Materials and Methods

Since the significant proteins related to a certain disease are selected and collected in the string data base and this data bank is up dated periodically, a number of 200 possible proteins correlated to esophageal adenocarcinoma were retrived from disease query of STRING DB V 10.5 (http://string-db.org/) (Coates, 2015). This database is one of the Cytoscape software 3.4.0 applications (Tian et al., 2017) that provides interaction information from three different panels including disease query, protein query, and PubMed query. The strenght of protein interactions can be fitted for the network construction (Szklarczyk et al., 2016). Here, it is set as the 0.4, the default option. The proteins were analyzed via the undirected edges methods by Cytoscape software. The main connected component of PPI network was layout by degree values. Power law is a line that correlates the number of the nodes as a function of degree values. The suitable fitted power law is corresponded to scale free network (Barabási and Bonabeau, 2003). The constructed network was scale free network.
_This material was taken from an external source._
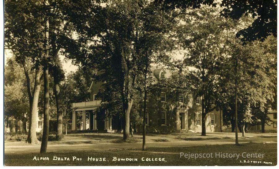 B/W Postcard of Alpha Delta Phi House at Bowdoin College.

The top 10% of the nodes based on degree value were selected as hub nodes. Degree, betweenness, closeness, stress distributions were provided for more screening of the introduced hub nodes due to identify potent hub genes. However grouping of the hub nodes is leaded to detemine super hub nodes and the other potent hub genes (the top potent hub nodes are introduced as super hub genes). The main connected component (the network) was analyzed by Cluster ONE V.1.0. (clustering with overlapping neighborhood expansion), the other application of Cytoscape software (Saito et al., 2012) that found one significant cluster. In fact, this plug-in derives densely interconnected reigons in the PPI network. Presence of at least 10 proteins in the cluster and P-value less than 0.05 were used to identify significant cluster.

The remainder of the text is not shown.